Prince of Fu (福王), was a first-rank princely peerage used during the Ming dynasty, this peerage title was created by Wanli Emperor. The first Prince of Fu was Zhu Changxun, 3rd son of Wanli Emperor. This peerage had 2 cadet commandery princely peerages, all of these second-rank peerages had not inherited. The first Southern Ming emperor, Zhu Yousong (Hongguang Emperor) was the last title holder of this peerage.
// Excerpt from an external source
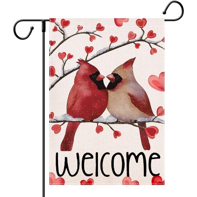 Valentine Garden Flag for Outside 12x18 Single Sided, Valentines Day Birds Yard Flag
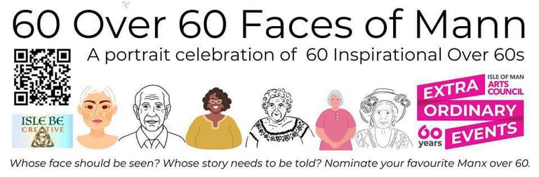 Isle Be Creative supported by the Isle of Man Arts Council exhibition at the Hodgson Loom Gallery, November - January, 2025. 'Frank Cowin' portrait exhibited.

==Generation name / poem==
As members of this peerage was descentants of Yongle Emperor, their generation poem was:-

"Gao Zhan Qi Jian You, Hou Zai Yi Chang You. Ci He Yi Bo Zhong, Jian Jing Di Xian You"
高瞻祁見祐，厚載翊常由。慈和怡伯仲，簡靖迪先猷

This peerage used the poem until You (由) generation.

==Members==

- Zhu Changxun (1st), Wanli Emperor's 3rd son. He granted and held the title of Prince of Fu in 1601. He took his fief in 1614. He was killed in 1641. Full posthumous name: Prince Zhong of Fu (福忠王)
  - 1st son: Zhu Yousong (2nd), initially held the title of a commandery prince under the title Comm. Prince of Dechang (德昌郡王). He succeeded and held the title of Prince of Fu from 1643 to 1644. He ascended the throne in 1644 as Southern Ming emperor in 1644.
  - 2nd son: Zhu Youju (朱由榘; born 26 Jul 1609), held the title of a commandery prince under the title Comm. Prince Yingshang (潁上郡王) from 1617 to 1643. He was posthumously bestowed under the posthumous title ""Prince Chong of Ying" (潁沖王).
  - 3rd son: Zhu Youhua (朱由樺), he held the title of his eldest brother, Comm. Prince of Dechang. He was posthumously bestowed under the title "Prince Huai of De" (德懷王).